Conservatives share ‘new voice for Wales’

Jonathan Brooks-Jones points to the key features of the Welsh Conservatives manifesto, launched today

Today the Welsh Conservatives launched their manifesto for the forthcoming Welsh General Election on 5 May. The document, entitled ‘A new voice for Wales’, claims they would increase wealth levels in Wales to 85 per cent of UK average by 2020 and 100 per cent by 2030.

In order to achieve this they would scrap business rates for businesses with rateable value below £12,000, and taper the rate between £12,001 and £15,000. They also plan to create a stronger Council for Economic Renewal (called Enterprise Wales) to give the private sector a larger role in public policy.

A skills audit and advice service will be offered to everyone over 40, and private sector-led skills academies will be set up to provide job-focused training particularly for certain sectors, such as transport and IT.
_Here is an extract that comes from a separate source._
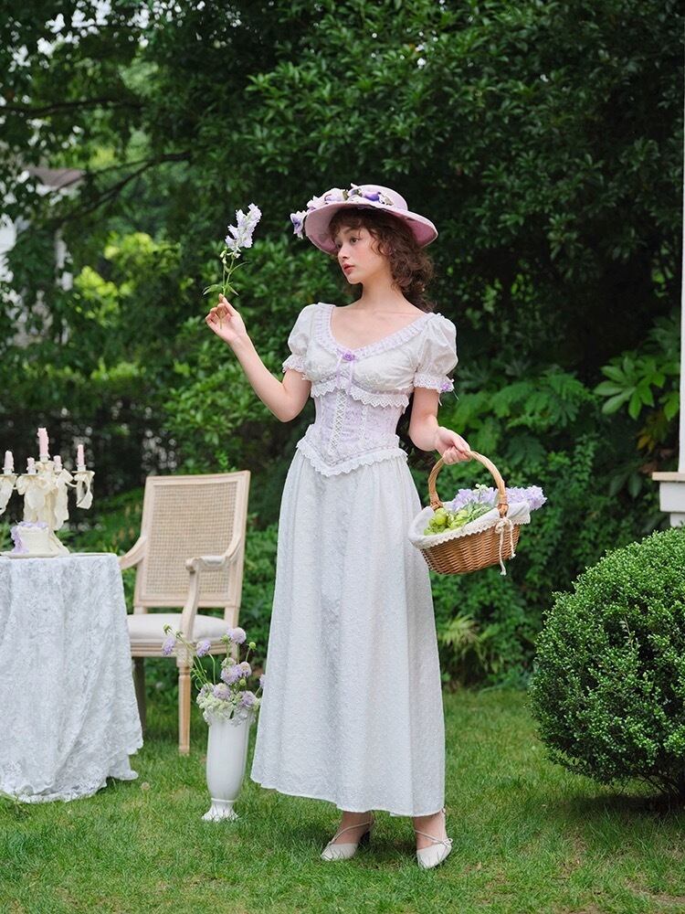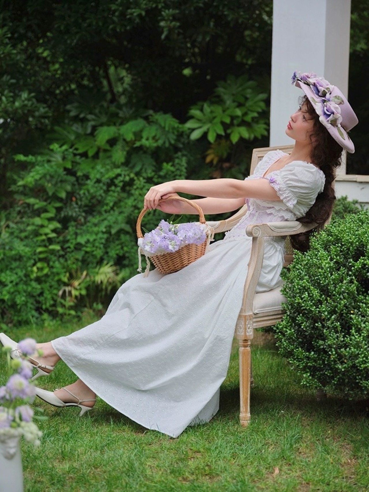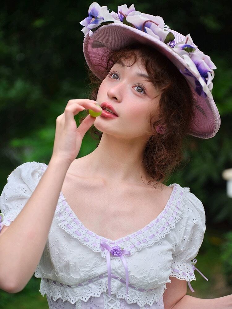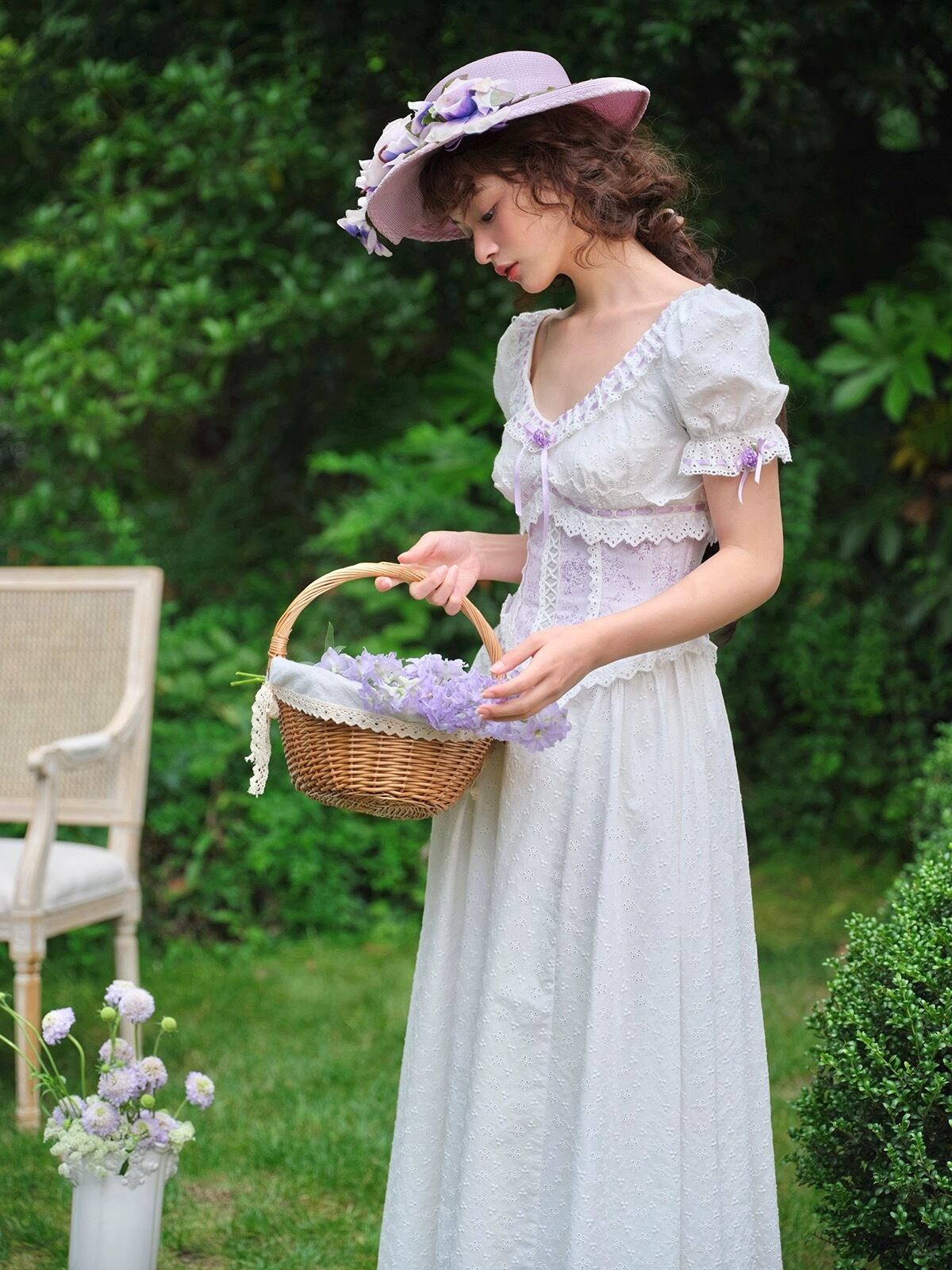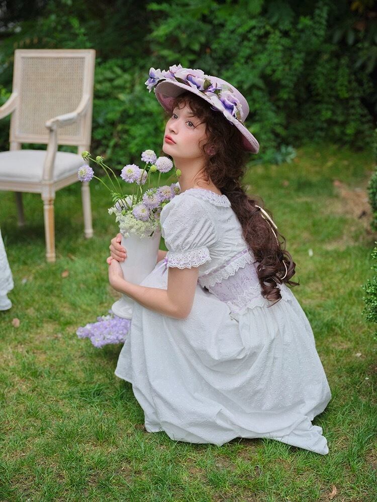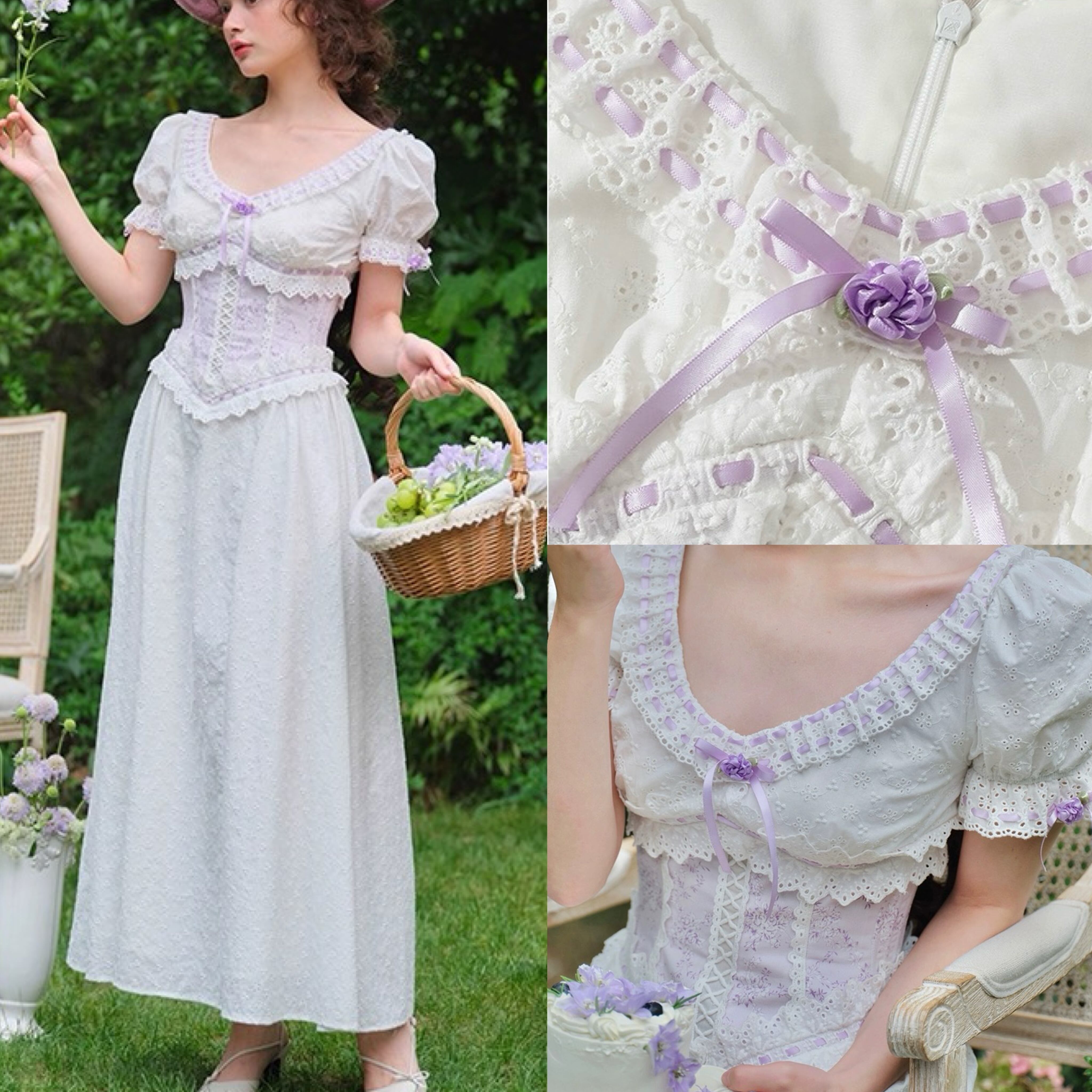 白 ホワイト 紫 ガーリー ワンピース 可愛い XL
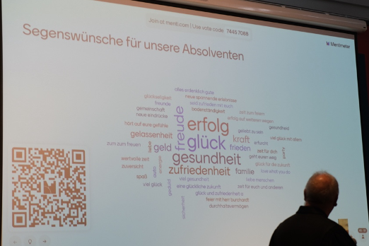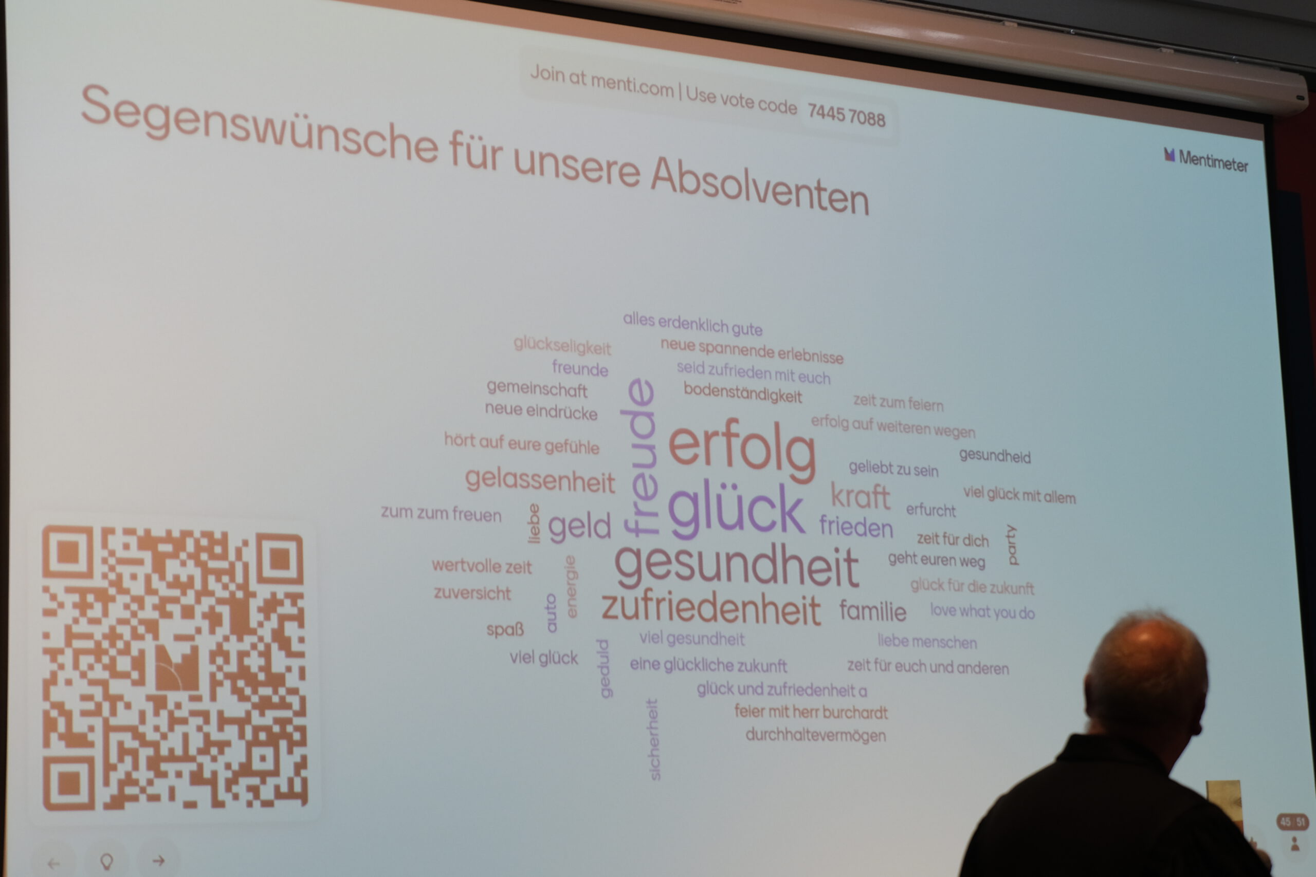 Später konnten die Eltern der Absolvent:innen ihren Kindern mit Hilfe des Programms Mentimeter gute Wünsche aufschreiben, die in einer Wortwolke gesammelt wurden. „Glück, Gesundheit und Erfolg“ standen dabei an erster Stelle.

The Welsh Conservatives also pledge to build a modern transport network for Wales, including a direct air link to North America. They will freeze Severn Bridge tolls for cars and commission a study to look at the economic effects of bridge tolls, with a view to reducing or removing them. There is also a pledge to work with the UK government to electrify the Valleys network and the Great Western to Swansea. They will also explore the possibility of devolving Network Rail to Wales.

They also pledge to work with the UK government to take forward all recommendations of the Holtham Commission’s reports on fair and accountable funding for Wales, including tax-varying powers.

On health, the Welsh Conservatives say they will protect NHS expenditure in real terms for the next 4 years. However, they will also ‘clamp down’ on the £1bn of annual wasted expenditure in the Welsh NHS. They will also re-introduce a £5 charge per prescription for all who can afford it, barring under 25’s, older people, cancer patients, and anyone else who was previously exempt from the charge.

They wish to target cancer by appointing a ‘Cancer Co-ordinator’ to implement a robust National Cancer Plan, and set up a cancer drugs fund to give Welsh patients the best possible treatments.

They also plan to invest £10m annually in the Ambulance service to speed up response times, and provide the Wales Air Ambulance with £3m every year.

On education, they plan to develop a ‘middle phase’ for 8 – 13 year olds to bridge the gap between the internationally acclaimed Foundation Phase and 14 – 19 Learning Pathways scheme. They will also establish a Public-Private-Partnership investment scheme, ‘Building Together’, to fund a major school building programme.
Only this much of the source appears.